**Input data:**
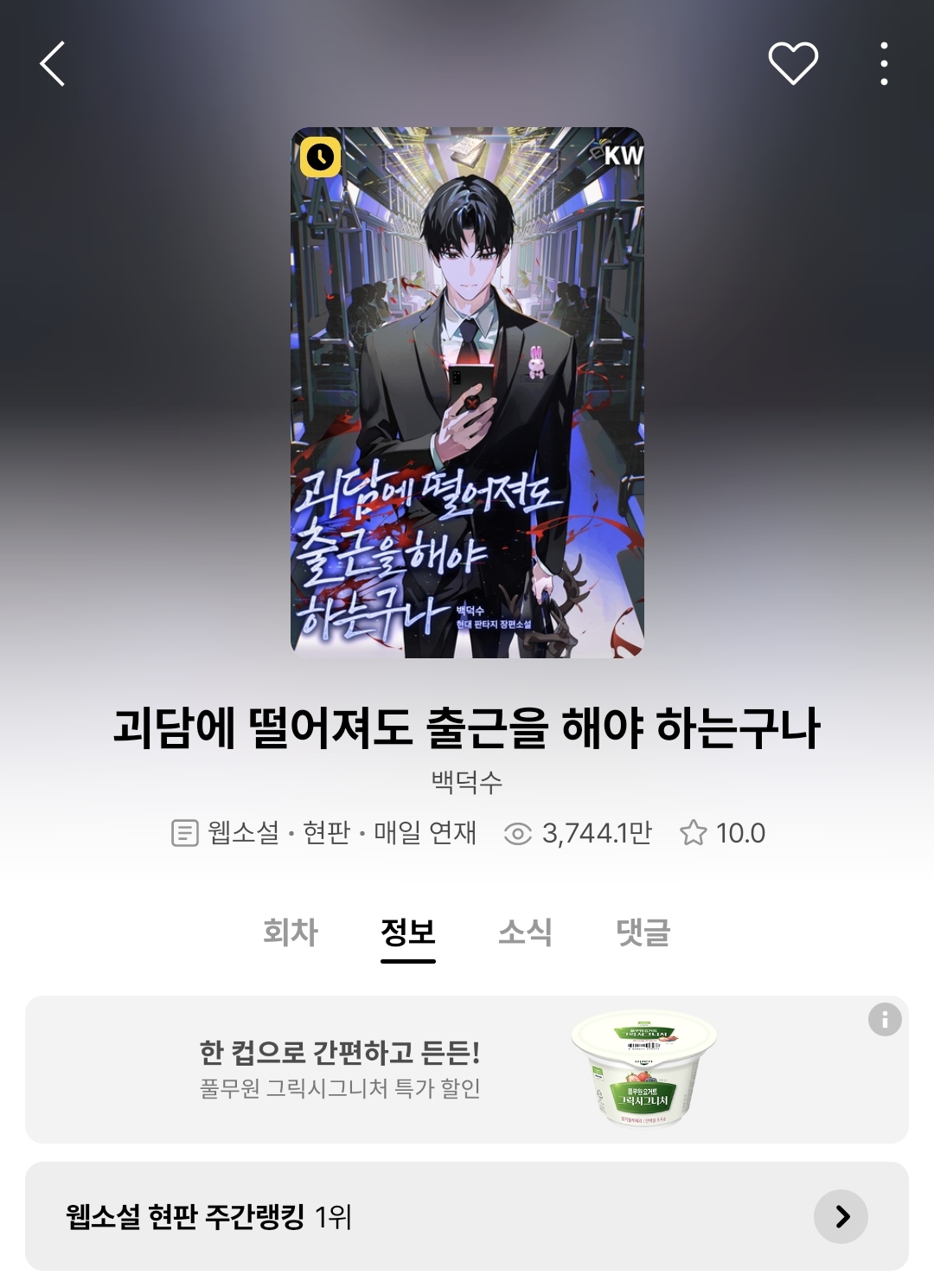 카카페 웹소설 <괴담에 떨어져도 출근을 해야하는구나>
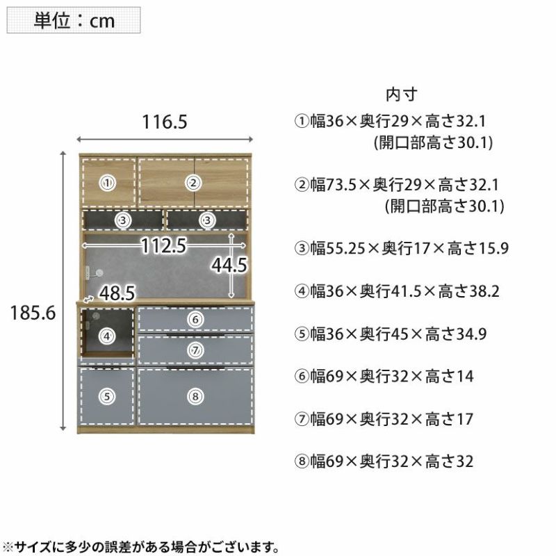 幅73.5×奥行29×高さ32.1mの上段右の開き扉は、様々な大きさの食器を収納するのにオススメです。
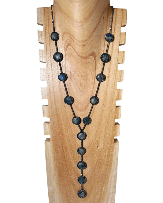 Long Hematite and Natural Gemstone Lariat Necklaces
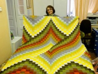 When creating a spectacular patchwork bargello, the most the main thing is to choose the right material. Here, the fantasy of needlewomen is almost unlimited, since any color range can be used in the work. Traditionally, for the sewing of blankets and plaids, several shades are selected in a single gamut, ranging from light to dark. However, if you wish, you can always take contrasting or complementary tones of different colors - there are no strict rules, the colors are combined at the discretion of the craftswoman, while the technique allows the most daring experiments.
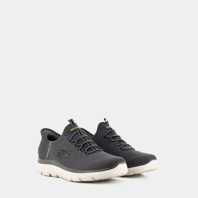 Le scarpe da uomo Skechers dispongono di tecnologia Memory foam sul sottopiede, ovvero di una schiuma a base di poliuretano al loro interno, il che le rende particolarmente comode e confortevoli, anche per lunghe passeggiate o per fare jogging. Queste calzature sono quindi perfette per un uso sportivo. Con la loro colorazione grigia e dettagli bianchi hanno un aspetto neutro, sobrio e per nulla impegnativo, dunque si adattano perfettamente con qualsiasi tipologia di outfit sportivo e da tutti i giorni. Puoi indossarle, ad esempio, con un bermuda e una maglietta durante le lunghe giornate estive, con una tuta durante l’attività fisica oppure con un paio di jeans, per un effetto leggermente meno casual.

**Required work:**
Set down the entries shown above once more, exactly as they read, but without pictures.

**Reply:**
 카카페 웹소설 <괴담에 떨어져도 출근을 해야하는구나>
 幅73.5×奥行29×高さ32.1mの上段右の開き扉は、様々な大きさの食器を収納するのにオススメです。
 Long Hematite and Natural Gemstone Lariat Necklaces
 When creating a spectacular patchwork bargello, the most the main thing is to choose the right material. Here, the fantasy of needlewomen is almost unlimited, since any color range can be used in the work. Traditionally, for the sewing of blankets and plaids, several shades are selected in a single gamut, ranging from light to dark. However, if you wish, you can always take contrasting or complementary tones of different colors - there are no strict rules, the colors are combined at the discretion of the craftswoman, while the technique allows the most daring experiments.
 Le scarpe da uomo Skechers dispongono di tecnologia Memory foam sul sottopiede, ovvero di una schiuma a base di poliuretano al loro interno, il che le rende particolarmente comode e confortevoli, anche per lunghe passeggiate o per fare jogging. Queste calzature sono quindi perfette per un uso sportivo. Con la loro colorazione grigia e dettagli bianchi hanno un aspetto neutro, sobrio e per nulla impegnativo, dunque si adattano perfettamente con qualsiasi tipologia di outfit sportivo e da tutti i giorni. Puoi indossarle, ad esempio, con un bermuda e una maglietta durante le lunghe giornate estive, con una tuta durante l’attività fisica oppure con un paio di jeans, per un effetto leggermente meno casual.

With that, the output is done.